Because the output is continuous, small differences around the threshold should be interpreted as uncertainty, not as a precise biological switch. The value is most useful as a structured anchor for multidisciplinary discussion rather than as an isolated numeric label.

Interpreting the 0.45 cutoff in practice

Guideline summaries and hepatology teaching commonly describe the following operational framework:

Lille score below 0.45 is typically interpreted as an early pattern more consistent with steroid responsiveness, supporting continuation of corticosteroids in appropriate candidates alongside close monitoring for complications.
Lille score of 0.45 or higher is typically interpreted as an early pattern more consistent with non-response, prompting reconsideration of continued steroids and earlier exploration of alternatives that match patient goals, eligibility, and center capabilities.

In the original validation reporting, patients above versus below this cutoff differed markedly in observed 6‑month survival under the treatment strategies studied, and the cutoff was described as capturing a large share of observed deaths while classifying a minority of patients as “non-responders.” These are population-level performance characteristics; individual patients may deviate for reasons the model does not capture.

How the Lille model complements—not replaces—other tools

Clinicians frequently pair the Lille model with scores that quantify severity at presentation or overall liver disease burden, such as modified Maddrey discriminant function, MELD (and sodium-adjusted variants where used), or Child–Pugh in cirrhosis contexts. Each tool answers a different question: some prioritize initial risk and treatment eligibility, while the Lille model prioritizes early treatment response after steroids begin.

Integrating multiple lines of evidence reduces the risk of over-weighting a single laboratory shift. For example, infection, acute kidney injury from competing mechanisms, or intercurrent bleeding can perturb bilirubin, creatinine, and coagulation in ways that resemble “non-response” or alternatively mask true trajectory unless clinically contextualized.

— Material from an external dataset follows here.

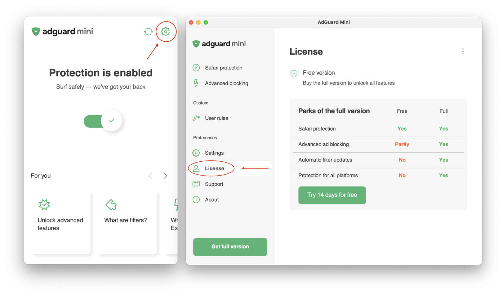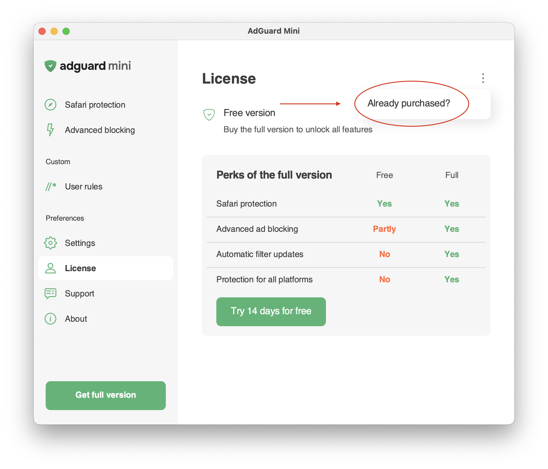 Apri AdGuard Mini → Impostazioni → Licenza.
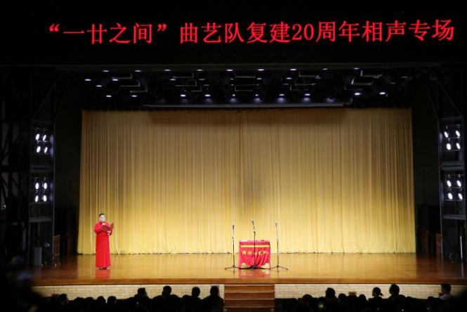 赵洪代表艺术教育中心祝贺曲艺队复建20周年队庆活动取得圆满成功,希望同学们不断精进业务、提升能力,进一步发扬“文艺轻骑兵”传统,推出更多群众喜闻乐见的优秀作品。学生艺术团1997级团员、曲艺特长生、曲艺队复建后首任队长胡鑫喆与大家分享了曲艺队复建前后的艰辛,希望曲艺队能够在老师们的关怀指导下,在队员们的不懈努力下,在观众朋友们的鼓励支持下,在清华的艺术沃土上,走过更多的二十年。

Limitations and responsible use

The model reflects the patients, treatment protocols, assay methods, and outcome definitions of its development era. Performance may differ when case mix, steroid dosing, concomitant medications, or laboratory standards diverge from those cohorts. The score should not be used to withhold general medical care, to replace shared decision-making, or to override a compelling clinical story when the inputs are incomplete or unstable.

Special caution applies when day‑7 labs are not truly comparable to baseline (timing off-schedule, different assay calibrations, intravenous fluids altering albumin, or recent albumin infusion). In those situations, repeating measurements, reconciling units, and documenting confounders is preferable to treating a single computed value as ground truth.

Using this calculator on CalcMD

This implementation computes the published logistic form using your entered values, performs unit conversions where optional alternate units are offered, applies the renal insufficiency flag from creatinine after conversion to a common mg/dL scale for threshold comparison, and displays the resulting Lille score with the 0.45 interpretive bands used in clinical teaching. Always verify that the day‑0 and day‑7 bilirubin samples align with the steroid course you intend to evaluate, and document clinical reasoning alongside the numeric output.